# [WORK TASK]
Could you please transcribe the data exactly, without the pictures?

# [DATASET EXTRACT]
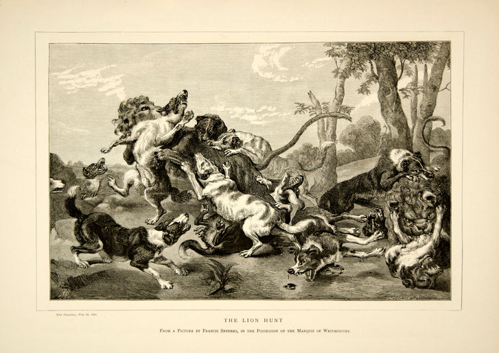 1870 Wood Engraving Francis Snyders Art Lion Hunt Dog Animal Wildlife YTG1
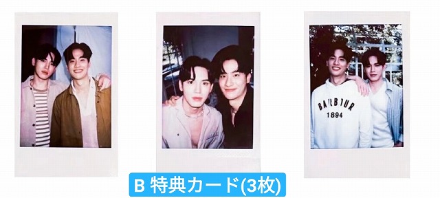 タイプ毎に異なるチェキ風ブロマイドカード3枚が特典として付きます。
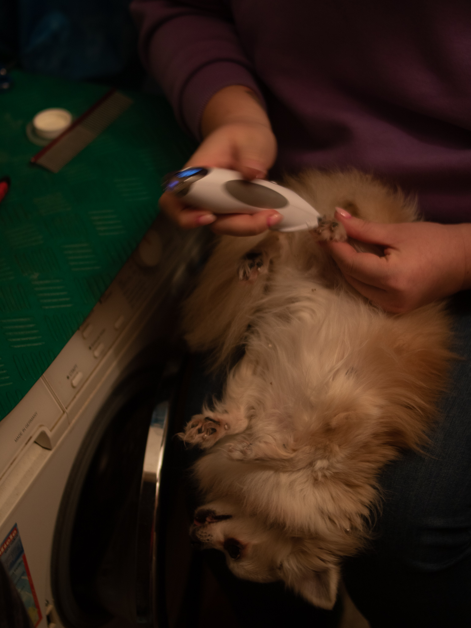 Букаша в лапах грумера.

# [WRITTEN ANSWER]
 1870 Wood Engraving Francis Snyders Art Lion Hunt Dog Animal Wildlife YTG1
 タイプ毎に異なるチェキ風ブロマイドカード3枚が特典として付きます。
 Букаша в лапах грумера.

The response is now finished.